_Task objective_
For the data below, retype word for word the lines from the one containing "يُمكنه إصلاح أنواع" through the one containing "4Pcs Sage Green Baby Shower Tablecloths"; drop the pictures.

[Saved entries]
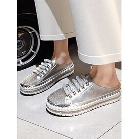 Damskie, srebrne, brokatowe, wsuwane buty na platformie — zdobione kryształkami, z amortyzowaną podeszwą, błyszczące, gotowe na imprezę, wieczorne wyjścia, festiwale i koncerty
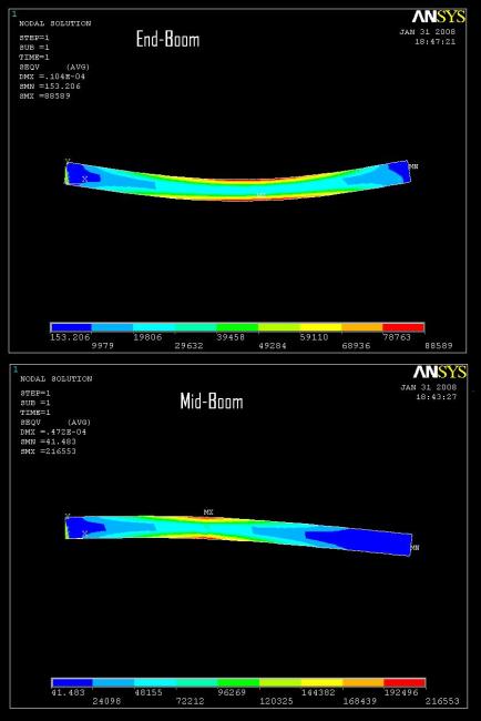Think about the boom as being flexible (they are, and the boom will flex before it breaks). With mid boom sheeting, you pull at the midpoint, but the sail is hanging out and has more mechanical advantage than you do. In a hard blow, the boom aft of the sheet will want to curl to windward Since I'm in class, I did a silly little experiment with some software. The wind pressure is downward, and greater near the front of the boom than the rear. The front (left) is fixed, and the sheeting position is fixed, while the rest of the boom is slightly flexibile. The numbers don't actually mean anything, but I didn't change the force acting on the boom - just the point where i was keeping the boom in position. Note the relative maximum stress goes up by about 3 - with end-boom sheeting the forces are a lot more disributed, while with mid-boom theyre focused at the sheet attachment.
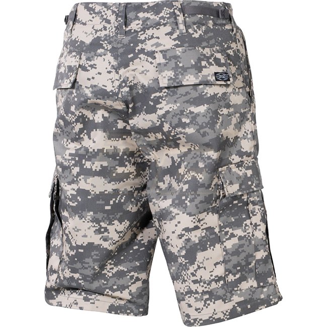 Shorts Bermuda MFH BW avec Poches Latérales en impression numérique AT, taille XL. Fermeture éclair à l'avant, 6 poches, ceinture ajustable et passants de ceinture larges. Matériau : 65 % Polyester, 35 % Coton.
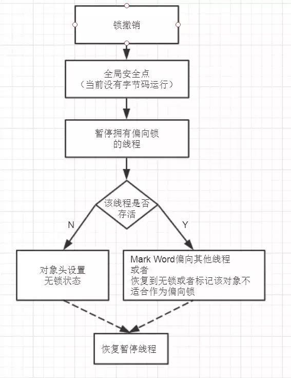 如图,偏向锁的撤销,需要等待全局安全点(在这个时间点上没有正在执行的字节码)。它会首先暂停拥有偏向锁的线程,然后检查持有偏向锁的线程是否活着,如果线程不处于活动状态,则将对象头设置成无锁状态;
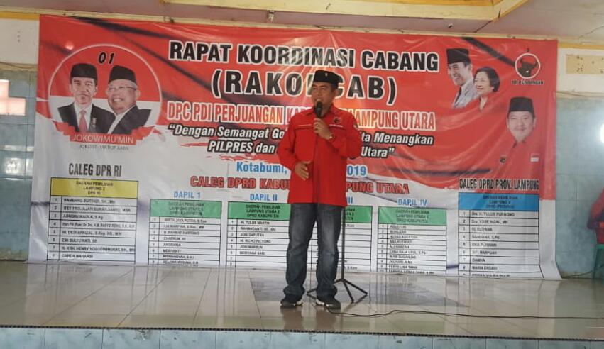 KOTABUMI (HS) – Kegiatan Rapat Koordinasi Cabang (Rakorcab) Dewan Pimpinan Cabang (DPC) Partai Demokrasi Indonesia Perjuangan (PDI-P), yang dilaksanakan di ruang seminar Rumah Makan Taruko Jaya I Kotabumi, Selasa, (12/3/19).
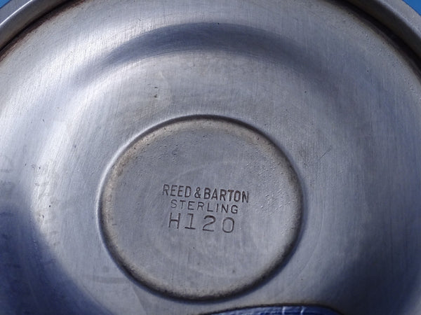 Superb Reed and Barton sterling silver water goblet with gold-washed interior (Queen Elizabeth in catalog) marked #H120. This goblet measures 6 1/4" tall x 3 1/8" (at rim) and weighs 5.7 troy ounces. It is not monogrammed and is in good estate condition as shown in the photos with some minor dings.
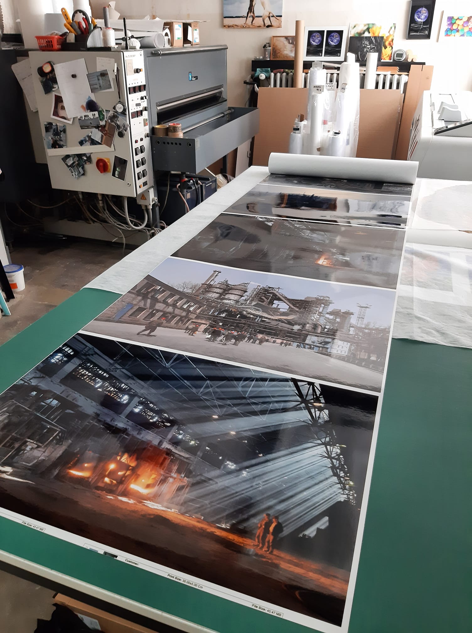 Jako první v republice jsme zavedli laminaci fotografií /1990/ a jako první jsme zavedli digitální osvit velkoformátových fotografií na stroji Durst Epsilon o pracovní šíři 76 cm.
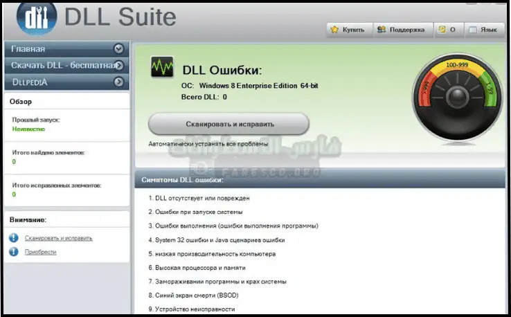 يُمكنه إصلاح أنواع مُختلفة من الأخطاء المُتعلقة بملفات DLL: ملفات DLL مفقودة، وأخرى تالفة، بالإضافة إلى مشاكل النظام المُتعلقة بها (يُزعم أنه يُساعد في حل أخطاء الشاشة الزرقاء من خلال حل مشاكل DLL الأساسية).
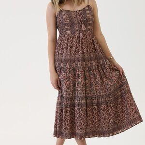 Angie Overdye Tie Strappy Back Tiered Skirt boho Maxi Dress pink mauve Large
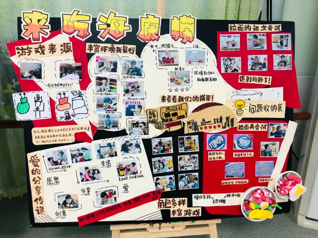 幼儿的经验来源于生活,吴老师班的海底捞话题就这样展开了。在老师的引导下,幼儿开始商量美食,共同制作菜单、价格表、装饰环境,并学会了有序的进行游戏。在遇到问题时,善于发现的老师也积极的带领幼儿进行分析和解决。幼儿在海底捞游戏中获得了对生活的态度:好奇、探究、向往、热情,获得了驾驭生活的能力:自主动手、创造生活,获得了理解生活的思维方式:合作、分享、尝试、发现、突破。
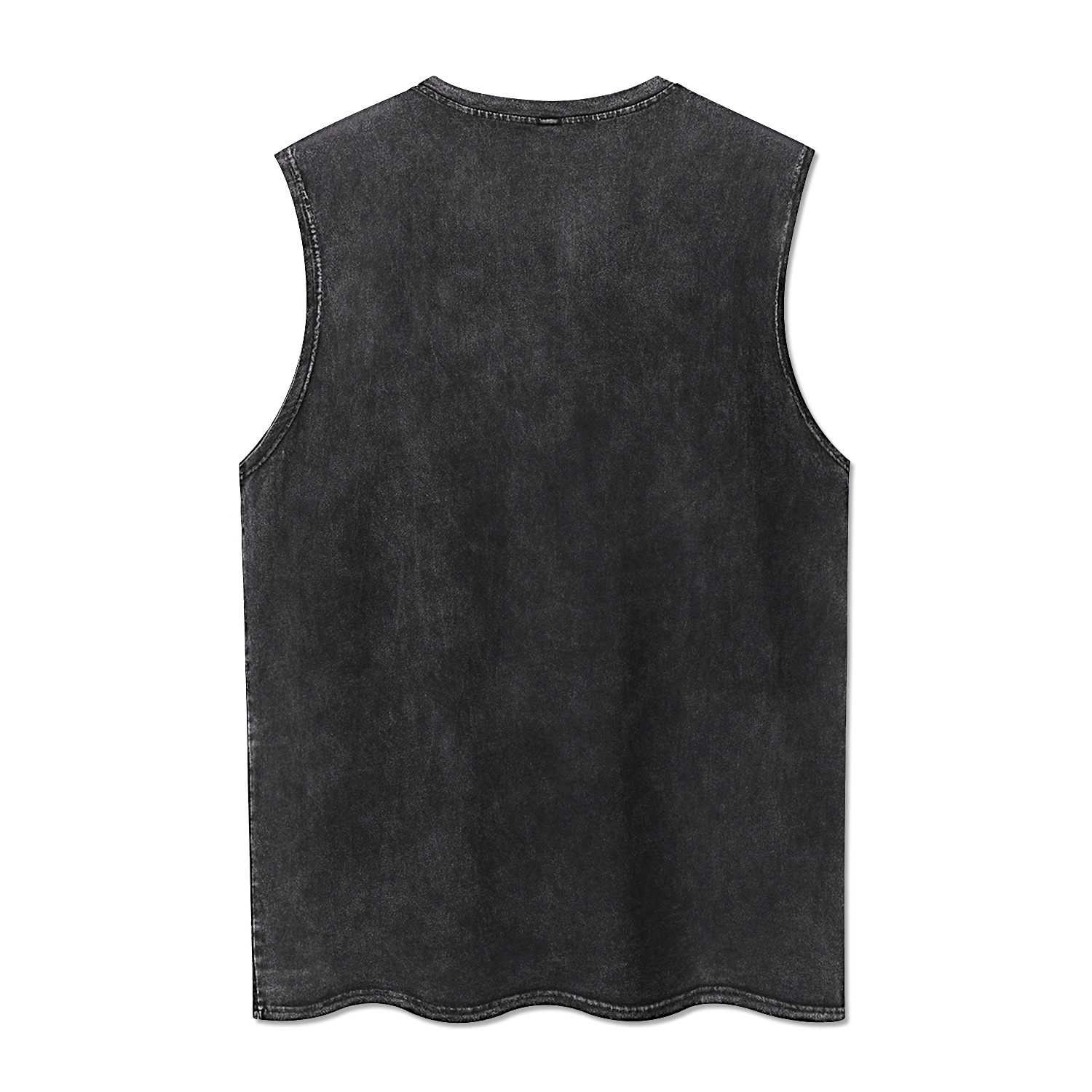 欧美高街复古洗水做旧背心男潮牌ins夏季宽松坎肩嘻哈潮流无袖t恤
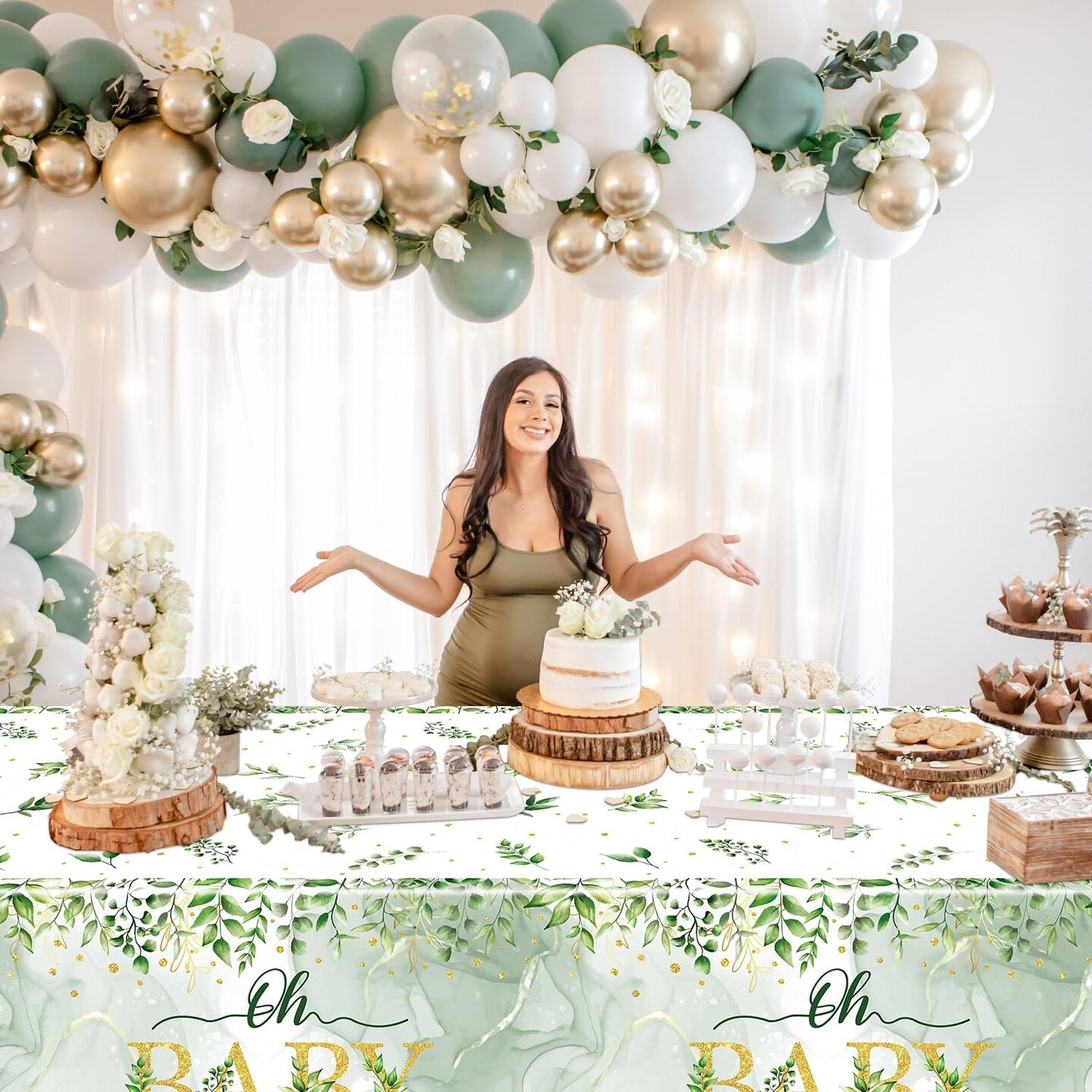 4Pcs Sage Green Baby Shower Tablecloths
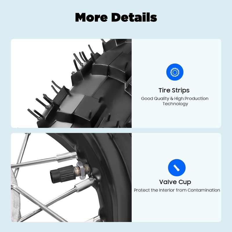 - Strong Control: Dirt bike tires are designed with oblique radials, with a large tread pattern, which can be used as a direct replacement, and are made of a good anti-skid alloy material, which is sturdy and durable, with fine workmanship, wear-resistant and non-slip
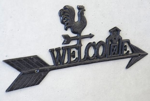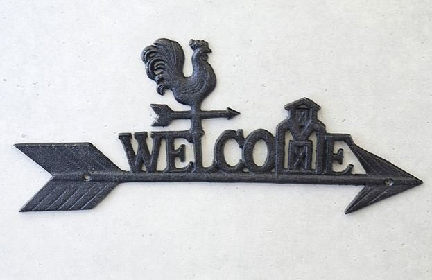 輸入雑貨 ウェルカムサイン WELCOME ルースター キャストアイアン リビングスタジオ 直輸入 風見鶏 ニワトリ アンティーク風 CV21-004
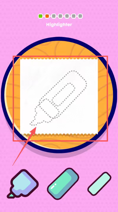 1、在粉色背景画板区域,用荧光笔轮廓内工具绘画填充,下方三图标是操作工具。
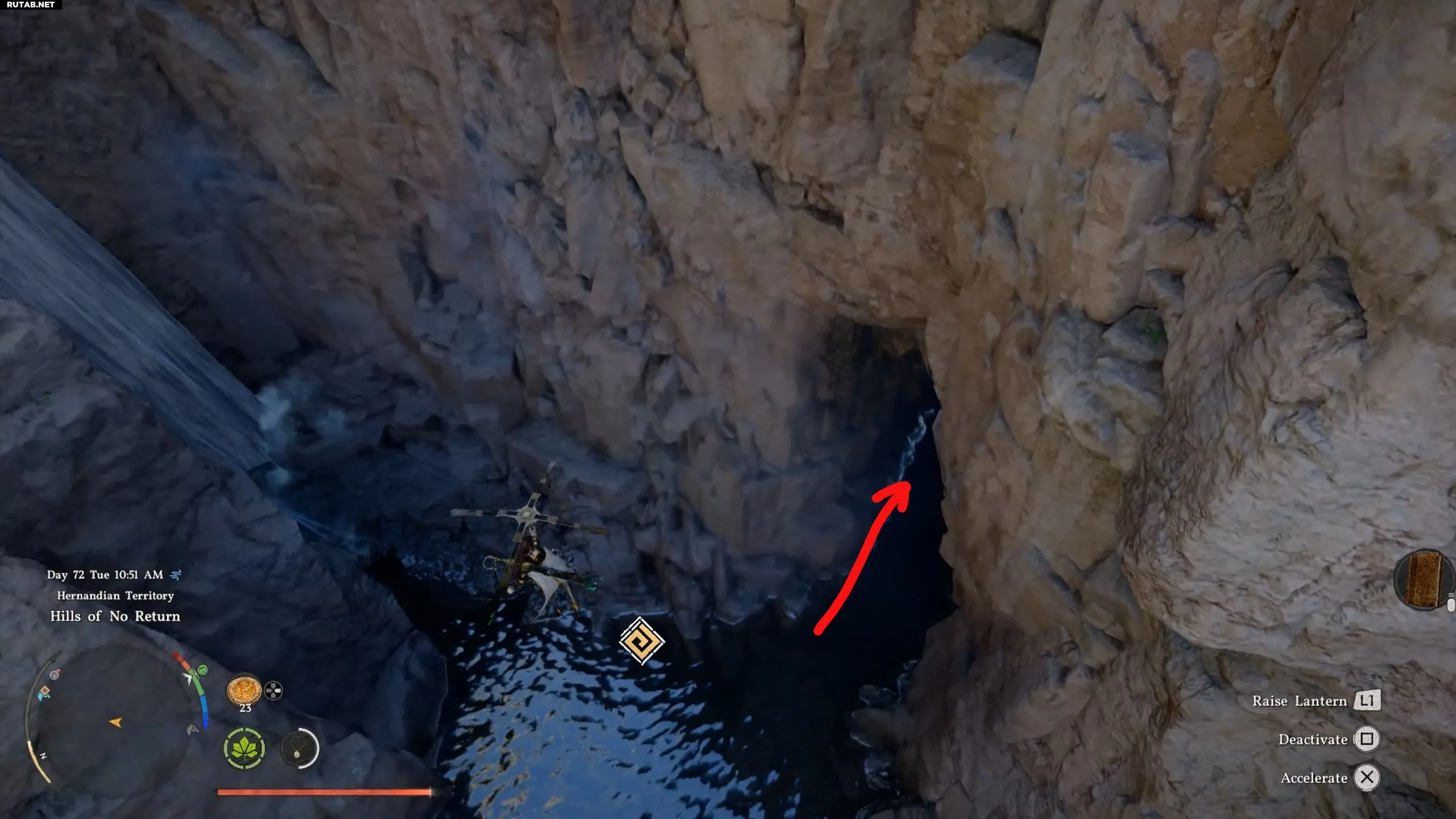 Медленно спланируйте вниз в промежуток между водопадом и скалой, чтобы обнаружить вход в пещеру. Проплывите через воду внутрь, пока не увидите арку. Будьте готовы — внутри вас ждет босс.
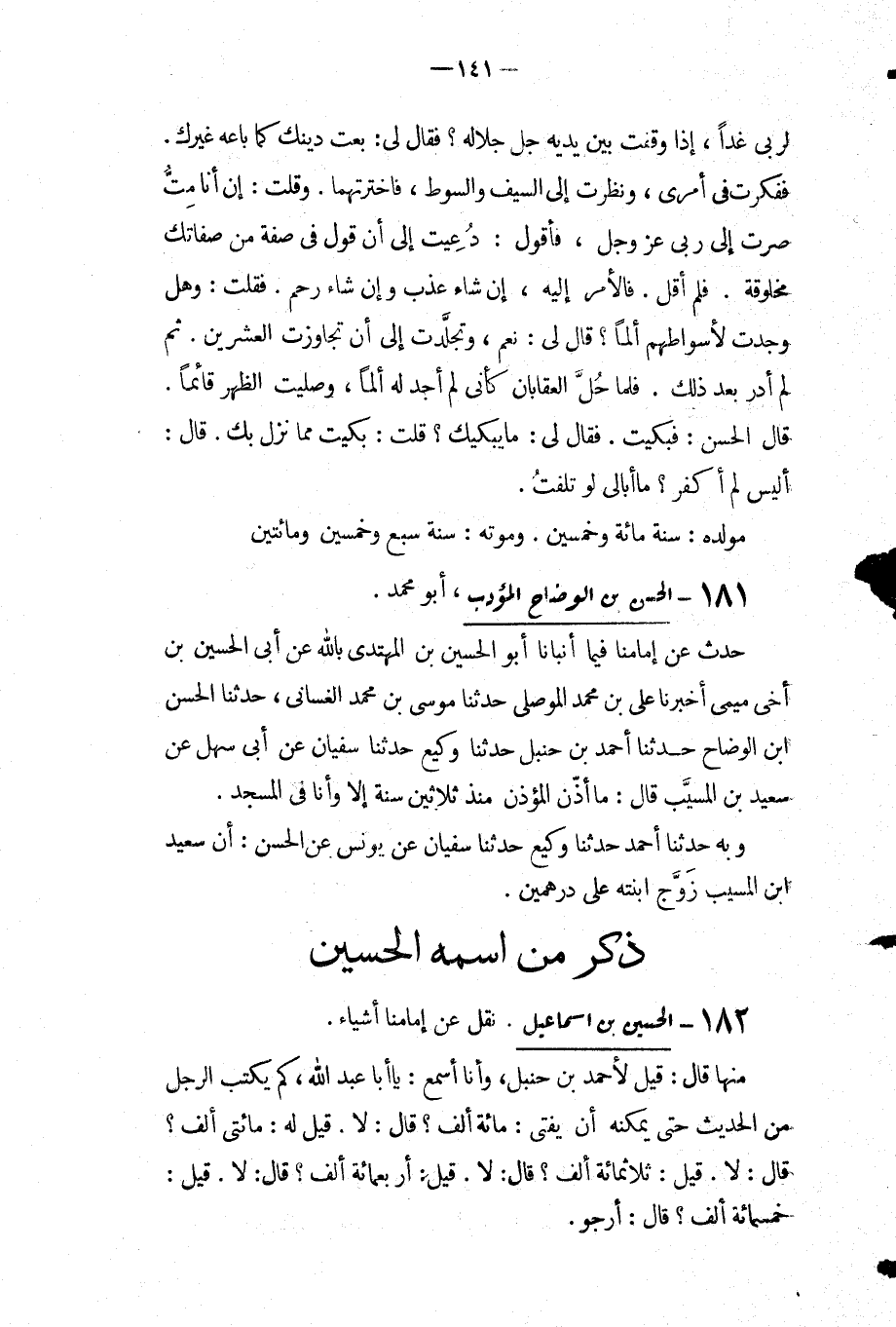 لربي غدًا إذا وقفت بين يديه جل جلاله فقال: لي بعت دينك كما باعه غيرك ففكرت فِي أمري ونظرت إلى السيف والسوط فاخترتهما وقلت: إن أنا مت صرت إلى ربي عَزَّ وَجَلَّ فأقول دعيت إلى أن قول فِي صفة من صفاتك مخلوقة فلم أقل فالأمر إليه إن شاء عذب وإن شاء رحم فقلت: وهل وجدت لأسواطهم ألما قَالَ: لي نعم وتجلدت إلى أن تجاوزت العشرين ثم لم أدر بعد ذلك فلما حل العقابان كأني لم أجد له ألما وصليت الظهر قائما قَالَ: الحسن فبكيت فقال: لي ما يبكيك قلت: بكيت مما نزل بك قَالَ: أليس لم أكفر ما أبالي لو تلفت.

_Solution for this problem_
 يُمكنه إصلاح أنواع مُختلفة من الأخطاء المُتعلقة بملفات DLL: ملفات DLL مفقودة، وأخرى تالفة، بالإضافة إلى مشاكل النظام المُتعلقة بها (يُزعم أنه يُساعد في حل أخطاء الشاشة الزرقاء من خلال حل مشاكل DLL الأساسية).
 Angie Overdye Tie Strappy Back Tiered Skirt boho Maxi Dress pink mauve Large
 幼儿的经验来源于生活,吴老师班的海底捞话题就这样展开了。在老师的引导下,幼儿开始商量美食,共同制作菜单、价格表、装饰环境,并学会了有序的进行游戏。在遇到问题时,善于发现的老师也积极的带领幼儿进行分析和解决。幼儿在海底捞游戏中获得了对生活的态度:好奇、探究、向往、热情,获得了驾驭生活的能力:自主动手、创造生活,获得了理解生活的思维方式:合作、分享、尝试、发现、突破。
 欧美高街复古洗水做旧背心男潮牌ins夏季宽松坎肩嘻哈潮流无袖t恤
 4Pcs Sage Green Baby Shower Tablecloths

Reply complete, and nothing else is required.